Human NAT1 and NAT2 exhibit an overlapping substrate specificity. Both enzymes display substrate preference for aromatic amines (Kawamura et al., 2005). This is largely explained by the hydrophobic feature of the active site and the presence of aromatic residues in the active site capable of forming ring-stacking interactions (Wu et al., 2007). However, distinct substrate specificity also exists between NAT1 and NAT2 (Kawamura et al., 2005).

Aminobenzyl compounds such as p-aminosalicylic acid (PAS; Figure 7A) were identified as binding preferentially to NAT1. In contrast, the sulfonamide class of compounds such as sulfamethazine (SMZ) bound selectively to NAT2 (Sim et al., 2008b). Wu et al. (2007) explored the molecular basis for this difference in substrate recognition between the two enzymes. The substrate binding pocket in NAT1 is smaller (162 Å3) than that of NAT2 (257 Å3) as a consequence of two key residue substitutions at positions 127 and 129, namely R127 and Y129 in NAT1, whereas in NAT2, serine residues occupy these positions (Figure 5B). The presence of two bulkier groups reduces the volume of the NAT1 pocket by ∼40% compared with that of NAT2. Furthermore, V93 in NAT1 is replaced by F93 in NAT2; this substitution introduces a bump in the van der Waals surface of the pocket in NAT2, thereby significantly altering the shape of the binding pocket (Figure 5B). Molecular docking reveals that PAS and SMZ are closely fitted into the active sites of NAT1 and NAT2 respectively (Wu et al., 2007). The shape and size of the substrate molecules are well matched to those of the binding pockets, which helps to explain the distinct substrate selectivity of the enzymes.

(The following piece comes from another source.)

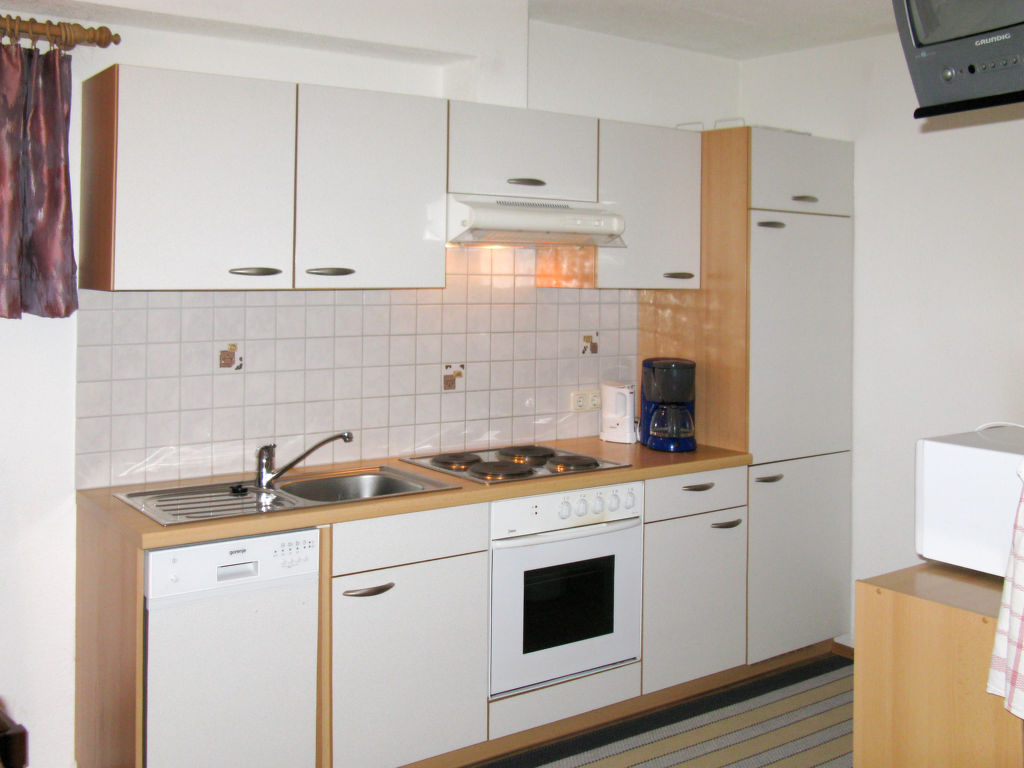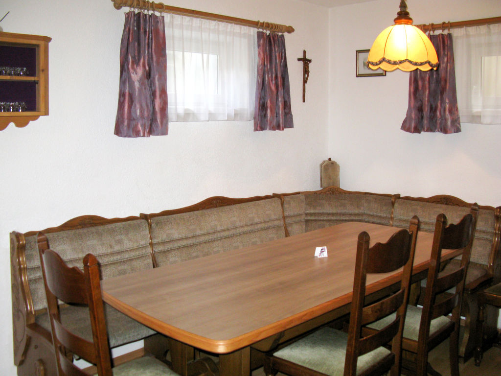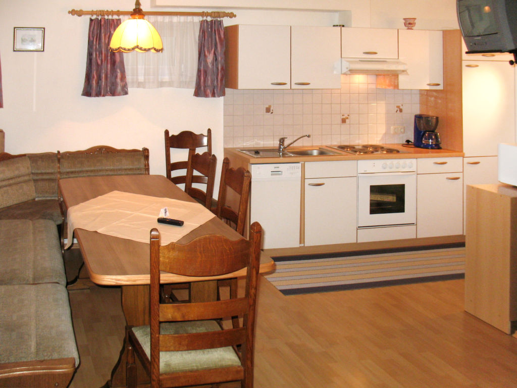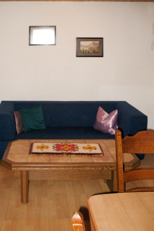 5-Zimmer-Wohnung, Untergeschoss (zum Tal freie Lage), ca. 120 m². Flur mit Garderobe. Wohnküche mit Oberlichtfenster (4 Platten, Backofen, Mikrowelle, Geschirrspüler, Kühlschrank, Kaffeemaschine, Wasserkocher, Toaster), Essplatz (Eckbank) für ca. 8 Personen, Sitzcouch und Couchtisch. 2 Doppelzimmer, jeweils mit Dusche/WC. 2 Schlafzimmer, jeweils mit Doppelbett, Bettcouch und Dusche/WC. Empfohlene Belegung: 8 Personen.

A mutagenesis study showed that F125S substitution virtually abolished NAT1 affinity preference for PAS over SMZ and substrate selectivity of the mutant NAT1 (F125S) resembled that of wild-type NAT2 (Hein, 2002). Structural analysis and molecular docking indicate that F125 plays a key role in binding of PAS to NAT1 as the side chain of F125 forms π-π stacking interactions with the benzene ring of PAS (Wu et al., 2007). Therefore, F125S mutation would reduce the enzyme's affinity for the smaller PAS due to the lack of the π-π stacking interactions (as main forces) orienting the substrate for catalysis. On the other hand, an increase in the pocket space allows accommodation of the bulkier SMZ in the active site with more favourable energy. This is consistent with the fact that the mutant has an increased affinity for SMZ compared with the wild type (Hein, 2002).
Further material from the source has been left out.